What you should do: Return the data exactly, with all pictures removed.

[Opening Data shown section]

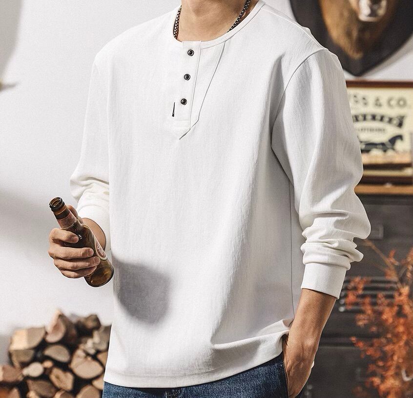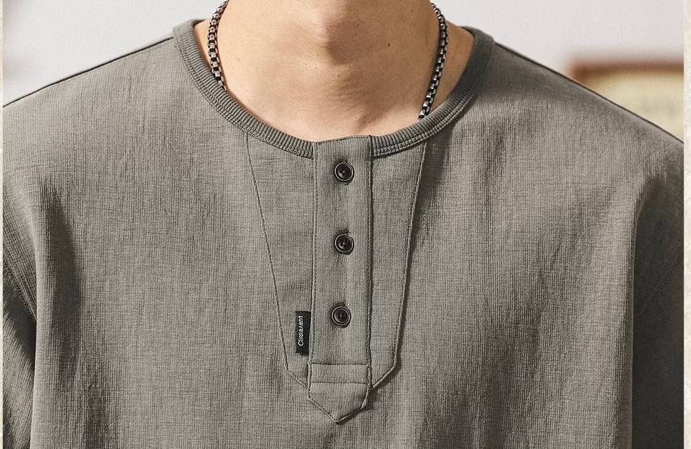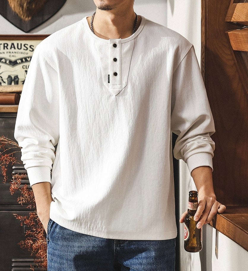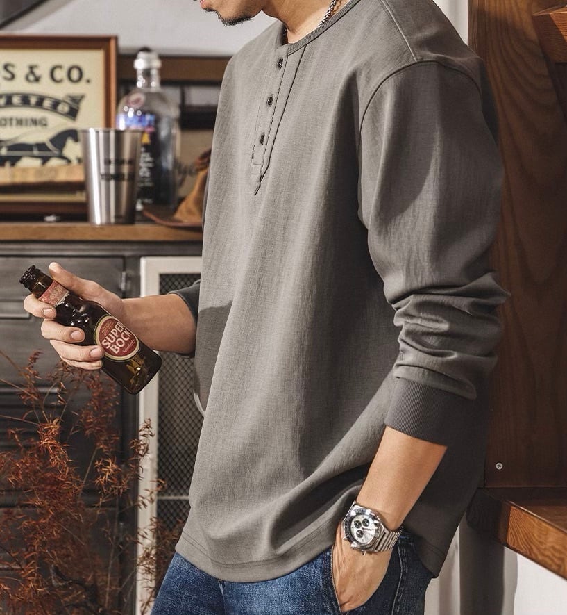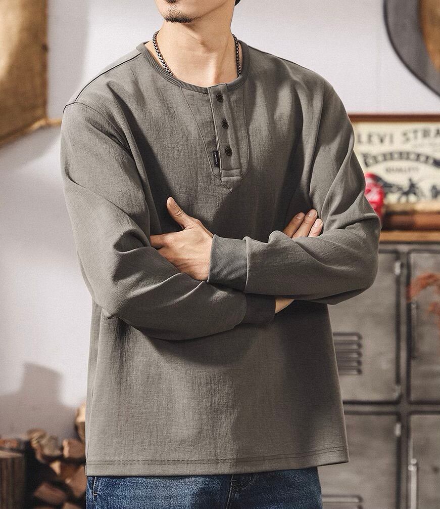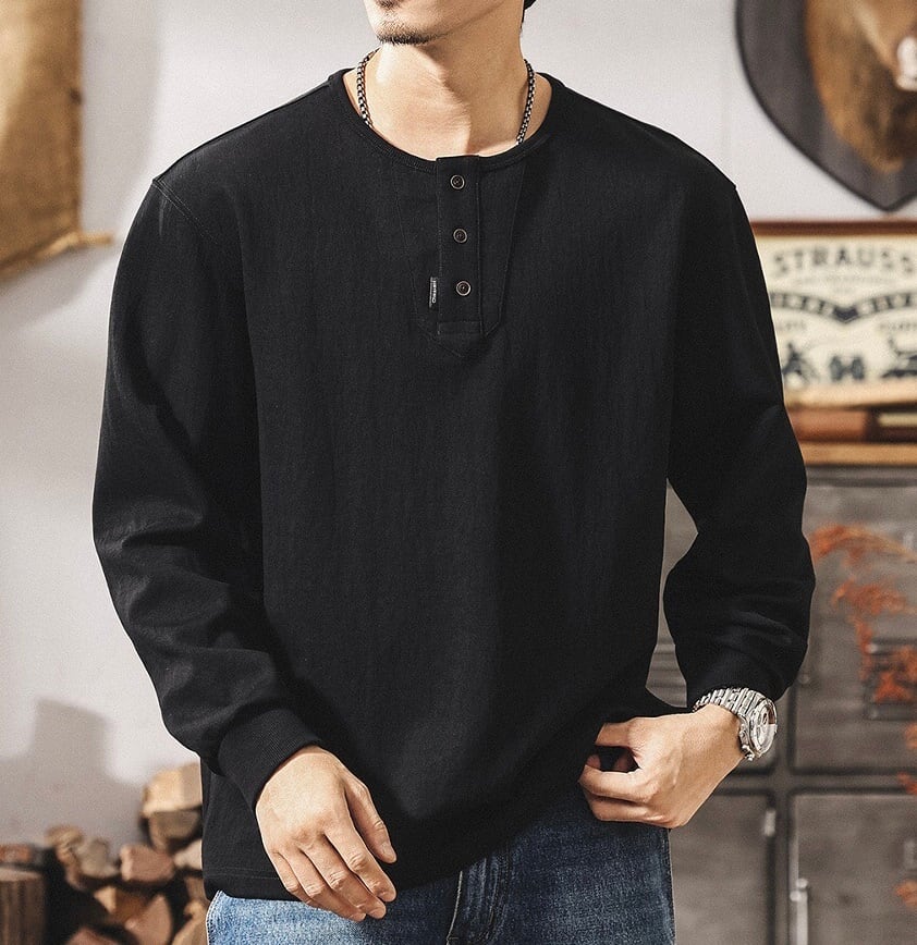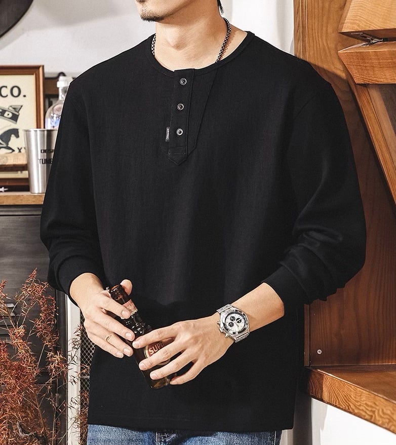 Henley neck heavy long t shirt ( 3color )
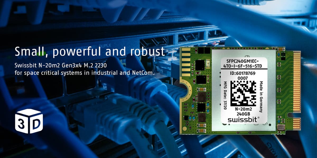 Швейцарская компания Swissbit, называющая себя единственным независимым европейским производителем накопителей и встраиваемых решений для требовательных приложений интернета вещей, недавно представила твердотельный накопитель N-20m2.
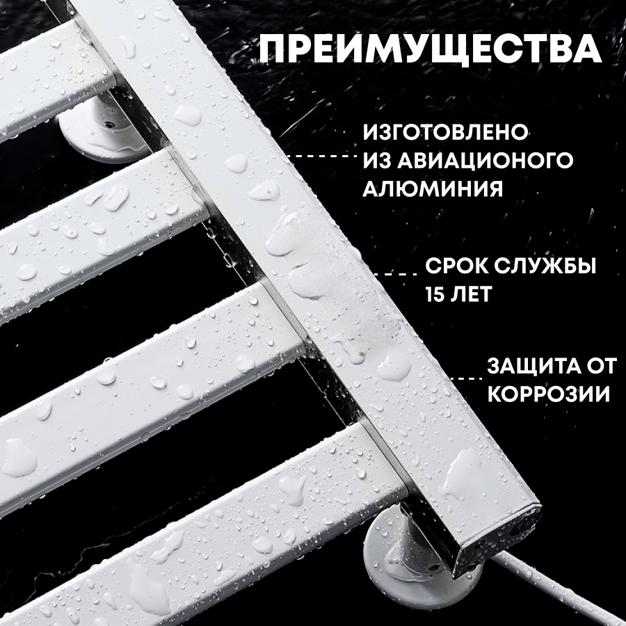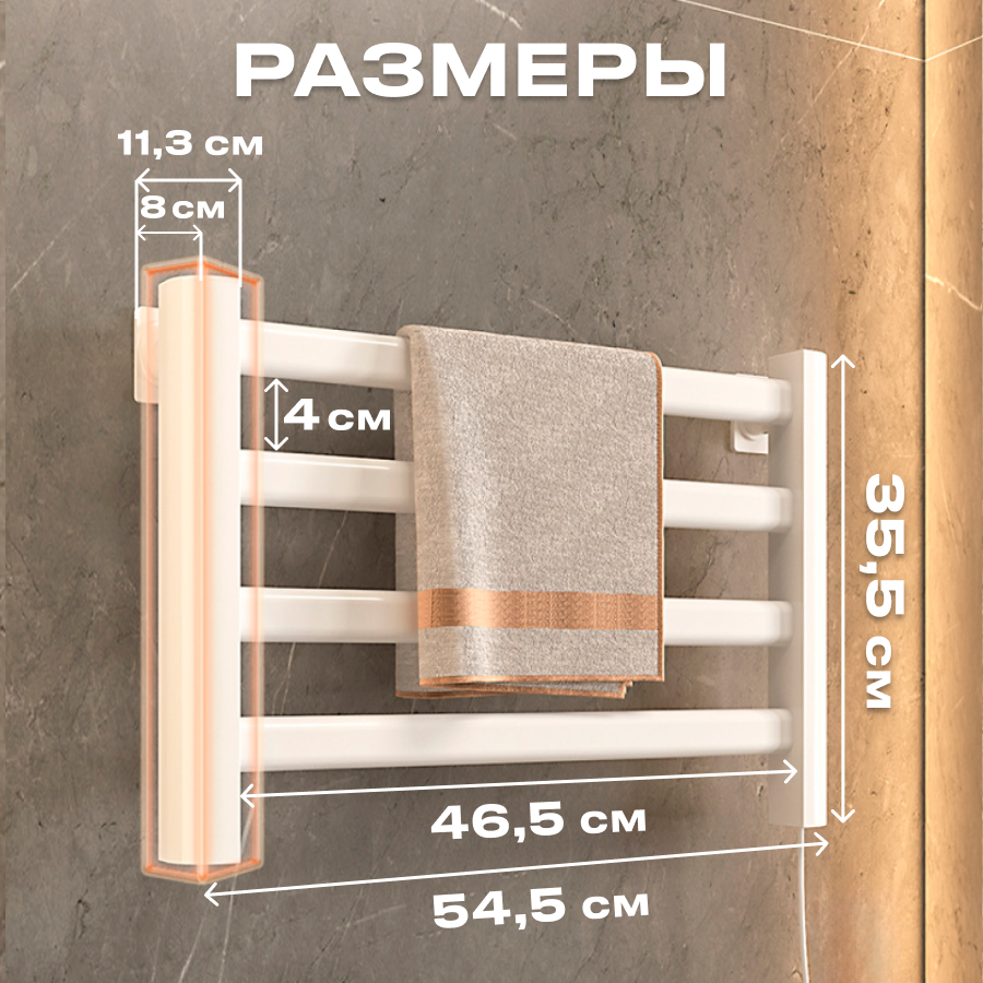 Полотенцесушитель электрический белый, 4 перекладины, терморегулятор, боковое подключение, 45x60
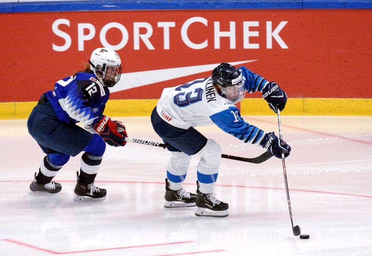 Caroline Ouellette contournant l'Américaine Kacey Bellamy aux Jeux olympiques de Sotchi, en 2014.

[Closing Data shown section]

Problem solution:
 Henley neck heavy long t shirt ( 3color )
 Швейцарская компания Swissbit, называющая себя единственным независимым европейским производителем накопителей и встраиваемых решений для требовательных приложений интернета вещей, недавно представила твердотельный накопитель N-20m2.
 Полотенцесушитель электрический белый, 4 перекладины, терморегулятор, боковое подключение, 45x60
 Caroline Ouellette contournant l'Américaine Kacey Bellamy aux Jeux olympiques de Sotchi, en 2014.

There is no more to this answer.